» **WHAT YOU WILL DO**
For the entries below, print exactly the lines between the line holding "Decmax 8mg Tablet" and the line holding "通过前面的介绍,我们知道「每", inclusive, and nothing else.

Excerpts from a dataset
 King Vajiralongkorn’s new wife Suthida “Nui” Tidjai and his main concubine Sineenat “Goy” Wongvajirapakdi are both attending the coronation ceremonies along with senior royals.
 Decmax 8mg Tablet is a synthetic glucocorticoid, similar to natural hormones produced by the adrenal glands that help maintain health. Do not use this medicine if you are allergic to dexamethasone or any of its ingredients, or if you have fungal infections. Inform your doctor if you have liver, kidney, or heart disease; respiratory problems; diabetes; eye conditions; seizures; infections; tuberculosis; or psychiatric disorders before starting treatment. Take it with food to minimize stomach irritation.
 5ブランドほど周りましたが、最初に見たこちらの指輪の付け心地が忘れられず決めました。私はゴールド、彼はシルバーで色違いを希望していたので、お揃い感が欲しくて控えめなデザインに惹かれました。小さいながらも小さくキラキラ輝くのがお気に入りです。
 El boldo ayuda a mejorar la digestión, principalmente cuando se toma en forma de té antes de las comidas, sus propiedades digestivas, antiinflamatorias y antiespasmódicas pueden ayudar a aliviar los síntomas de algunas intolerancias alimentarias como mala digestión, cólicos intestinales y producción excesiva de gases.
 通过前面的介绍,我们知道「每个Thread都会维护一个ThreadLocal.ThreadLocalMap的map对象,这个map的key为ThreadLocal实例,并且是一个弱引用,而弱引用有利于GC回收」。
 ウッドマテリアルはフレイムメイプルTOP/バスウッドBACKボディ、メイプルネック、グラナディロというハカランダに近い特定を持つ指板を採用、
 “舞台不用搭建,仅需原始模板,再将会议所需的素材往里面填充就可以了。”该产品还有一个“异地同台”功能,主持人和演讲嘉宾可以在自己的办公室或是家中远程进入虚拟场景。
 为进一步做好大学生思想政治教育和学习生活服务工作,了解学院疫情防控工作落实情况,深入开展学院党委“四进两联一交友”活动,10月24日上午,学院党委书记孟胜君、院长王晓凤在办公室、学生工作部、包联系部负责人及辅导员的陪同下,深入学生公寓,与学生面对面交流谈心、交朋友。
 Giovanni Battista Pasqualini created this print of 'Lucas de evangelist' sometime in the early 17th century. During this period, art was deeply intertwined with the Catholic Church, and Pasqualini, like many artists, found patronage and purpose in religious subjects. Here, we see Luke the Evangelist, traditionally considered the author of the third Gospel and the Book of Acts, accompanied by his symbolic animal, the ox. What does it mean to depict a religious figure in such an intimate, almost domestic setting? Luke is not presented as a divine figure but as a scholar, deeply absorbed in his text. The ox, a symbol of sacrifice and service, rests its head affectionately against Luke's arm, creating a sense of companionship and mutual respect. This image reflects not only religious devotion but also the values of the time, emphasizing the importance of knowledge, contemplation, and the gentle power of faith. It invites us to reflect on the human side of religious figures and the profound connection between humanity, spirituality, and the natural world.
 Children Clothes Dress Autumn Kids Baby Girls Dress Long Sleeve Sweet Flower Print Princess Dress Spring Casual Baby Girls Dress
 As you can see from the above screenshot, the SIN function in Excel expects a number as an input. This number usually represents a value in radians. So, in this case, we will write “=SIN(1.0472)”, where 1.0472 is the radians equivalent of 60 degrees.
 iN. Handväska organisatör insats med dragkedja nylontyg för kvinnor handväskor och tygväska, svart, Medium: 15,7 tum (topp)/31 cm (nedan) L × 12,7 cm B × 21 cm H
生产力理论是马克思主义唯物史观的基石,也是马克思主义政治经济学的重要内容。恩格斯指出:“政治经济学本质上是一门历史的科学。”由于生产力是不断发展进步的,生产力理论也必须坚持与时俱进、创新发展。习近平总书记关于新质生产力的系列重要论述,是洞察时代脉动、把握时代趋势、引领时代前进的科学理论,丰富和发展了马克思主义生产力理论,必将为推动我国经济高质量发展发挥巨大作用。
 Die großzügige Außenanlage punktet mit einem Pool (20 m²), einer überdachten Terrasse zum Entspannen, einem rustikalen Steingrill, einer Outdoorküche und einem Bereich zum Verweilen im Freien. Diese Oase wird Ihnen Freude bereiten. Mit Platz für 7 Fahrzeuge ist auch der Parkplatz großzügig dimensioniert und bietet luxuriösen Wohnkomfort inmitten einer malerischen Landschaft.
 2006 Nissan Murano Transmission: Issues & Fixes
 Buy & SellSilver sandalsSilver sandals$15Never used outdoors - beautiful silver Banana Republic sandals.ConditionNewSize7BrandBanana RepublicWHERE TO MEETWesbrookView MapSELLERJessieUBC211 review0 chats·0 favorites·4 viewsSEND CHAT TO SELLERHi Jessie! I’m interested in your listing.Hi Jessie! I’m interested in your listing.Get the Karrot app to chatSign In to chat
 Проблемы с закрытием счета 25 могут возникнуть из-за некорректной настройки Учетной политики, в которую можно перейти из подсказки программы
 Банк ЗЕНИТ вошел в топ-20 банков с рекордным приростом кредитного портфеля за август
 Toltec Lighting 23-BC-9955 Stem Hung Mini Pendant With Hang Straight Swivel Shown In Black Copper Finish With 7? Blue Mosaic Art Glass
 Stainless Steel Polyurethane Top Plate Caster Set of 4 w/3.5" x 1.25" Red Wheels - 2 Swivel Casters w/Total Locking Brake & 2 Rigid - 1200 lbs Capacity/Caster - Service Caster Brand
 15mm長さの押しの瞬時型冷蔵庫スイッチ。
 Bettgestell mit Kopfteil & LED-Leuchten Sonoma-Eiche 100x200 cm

» **RESPONSE FOR THIS EXERCISE**
 Decmax 8mg Tablet is a synthetic glucocorticoid, similar to natural hormones produced by the adrenal glands that help maintain health. Do not use this medicine if you are allergic to dexamethasone or any of its ingredients, or if you have fungal infections. Inform your doctor if you have liver, kidney, or heart disease; respiratory problems; diabetes; eye conditions; seizures; infections; tuberculosis; or psychiatric disorders before starting treatment. Take it with food to minimize stomach irritation.
 5ブランドほど周りましたが、最初に見たこちらの指輪の付け心地が忘れられず決めました。私はゴールド、彼はシルバーで色違いを希望していたので、お揃い感が欲しくて控えめなデザインに惹かれました。小さいながらも小さくキラキラ輝くのがお気に入りです。
 El boldo ayuda a mejorar la digestión, principalmente cuando se toma en forma de té antes de las comidas, sus propiedades digestivas, antiinflamatorias y antiespasmódicas pueden ayudar a aliviar los síntomas de algunas intolerancias alimentarias como mala digestión, cólicos intestinales y producción excesiva de gases.
 通过前面的介绍,我们知道「每个Thread都会维护一个ThreadLocal.ThreadLocalMap的map对象,这个map的key为ThreadLocal实例,并且是一个弱引用,而弱引用有利于GC回收」。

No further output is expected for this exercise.